Cette discussion est intéressante parce qu'elle invite le lecteur à se faire lui-même une idée en confrontant les deux textes. Notre propre hésitation au moment de choisir l'un des deux textes comme le plus représentatif de la pensée cartésienne venait aussi de cette difficulté. Pour notre part, l'intérêt du Discours est d'être présenté comme un cheminement dans la pensée. Le lecteur est invité à suivre l'auteur dans la production de sa propre pensée. L'idéal, de ce point de vue, aurait été que le Discours, sorte d'autobiographie intellectuelle, ait été écrit le dernier. Or, nous avons déjà rencontré cette difficulté chez Augustin, l'oeuvre autobiographique semble faire le point à un moment donné pour permettre un nouveau départ. La Cité de Dieu survient longtemps après les Confessions. Les Méditations font, elles aussi, un saut par rapport au Discours.

Augustin et Descartes

Cette évocation d'Augustin à propos de Descartes est d'autant plus importante qu'un certain nombre de contemporains et de lecteurs ultérieurs de Descartes lui ont et se sont demandé s'il n'avait pas puisé son « Je pense, donc je suis » chez Augustin. Celui-ci propose en effet, dans le livre XI (ch. 26) de La Cité de Dieu, de déduire l'existence de la pensée. Dès 1637, Mersenne a noté l'analogie entre le cogito de Descartes et ce passage de saint Augustin. Descartes, lui-même, a nié connaître cette pensée chez Augustin : « Vous m'apprenez les endroits de saint Augustin qui peuvent servir pour autoriser mes opinions », écrit-il au Père Mesland en 1644. Mais avant lui, plusieurs personnes lui avaient déjà posé la question. En même temps, il niera que son système puisse être assimilé à la pensée augustinienne.

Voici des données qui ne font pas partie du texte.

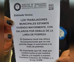 El miércoles y el viernes, los municipales estuvieron repartiendo panfletos en distintos puntos de la ciudad -como la plaza Eduardo Costa y la rotonda del Mc Donald`s- y realizaron reuniones informativas en distintos sectores de trabajo.
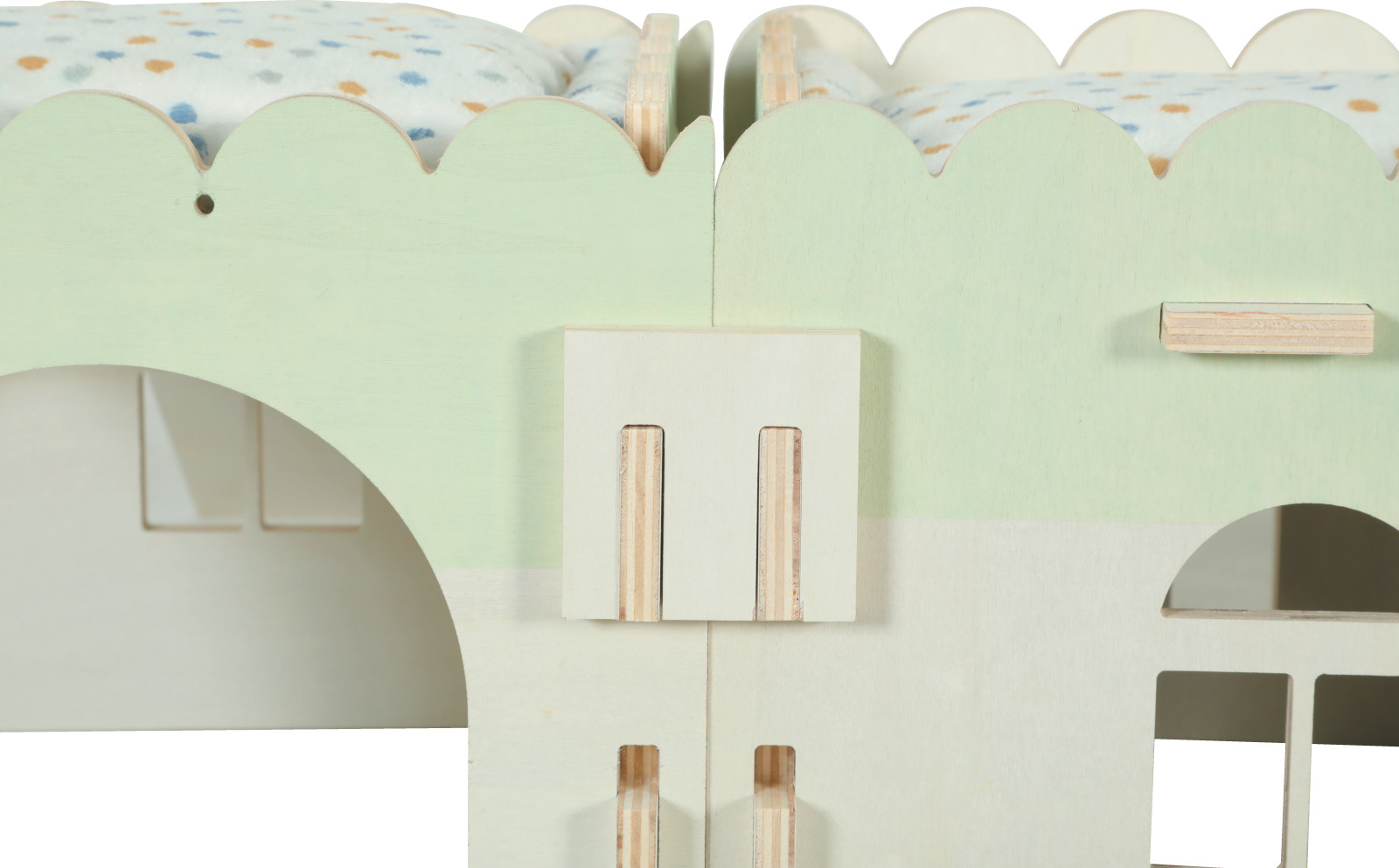 Deze twee huisjes met intelligent design kunnen aan elkaar gekoppeld worden om een grotere, modulaire leefruimte te creëren, ideaal om uw kleine pluizenbol een warme en uitbreidbare cocon te bieden.
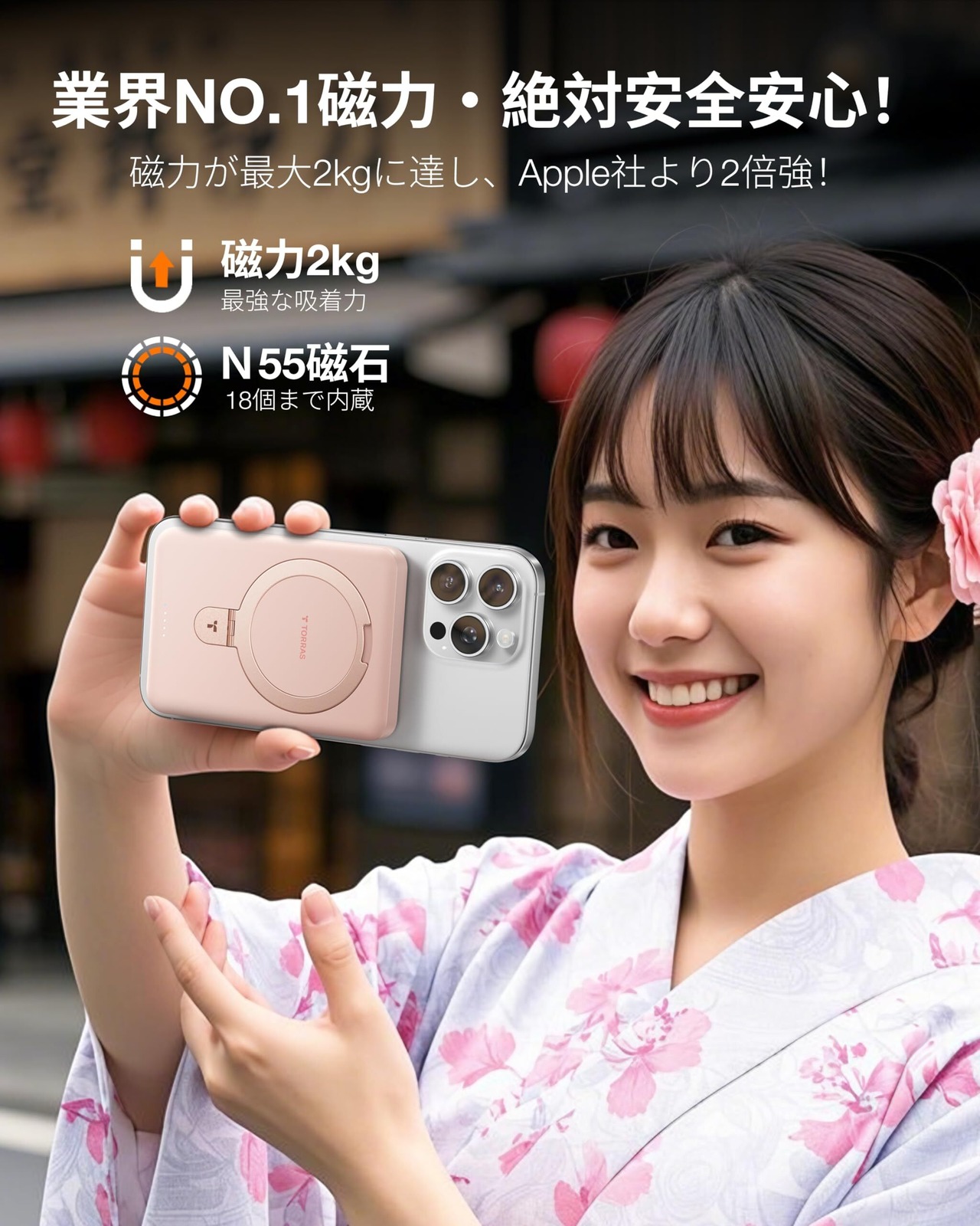 超強磁力&最大2kgに達し、Apple社より2倍強, 10000mAh超大容量&約2回フル充電, Apple社同源電池セル , 急速充電&僅か30分で50%残量回復, 超便利なスタンド機能&120°角度調整可能

Depuis, les historiens de la pensée n'ont cessé de se demander pourquoi Descartes n'a jamais reconnu avoir été directement influencé par les écrits de l'auteur des Confessions. Geneviève Rodis-Lewis, quant à elle, pense que « loin d'avoir pu recueillir l'écho d'un augustinisme ambiant, Descartes aurait permis à ses contemporains de retrouver l'originalité métaphysique du penseur d'Hippone, dans ses affinités avec la démarche cartésienne. » Ce qui vient appuyer cette hypothèse, c'est le fait que la seconde moitié du XVII siècle verra une alliance entre l'augustinisme et le cartésianisme, mais strictement limitée aux perspectives du dernier système.
D'une manière plus générale, on peut remarquer là la constance du questionnement philosophique. L'évolution philosophique peut se décrire moins comme une nouveauté des questions que comme la nouveauté de leur agencement les unes par rapport aux autres.
La question de Dieu, centrale dans les Confessions ou La Cité de Dieu, est toujours très présente chez Descartes. Pourtant, il y a chez Descartes un retournement logique. Chez Augustin, c'est de Dieu que l'on déduit la pensée et la réalité, alors que chez Descartes, il s'agit de fonder l'existence de Dieu sur une déduction logique et rationnelle.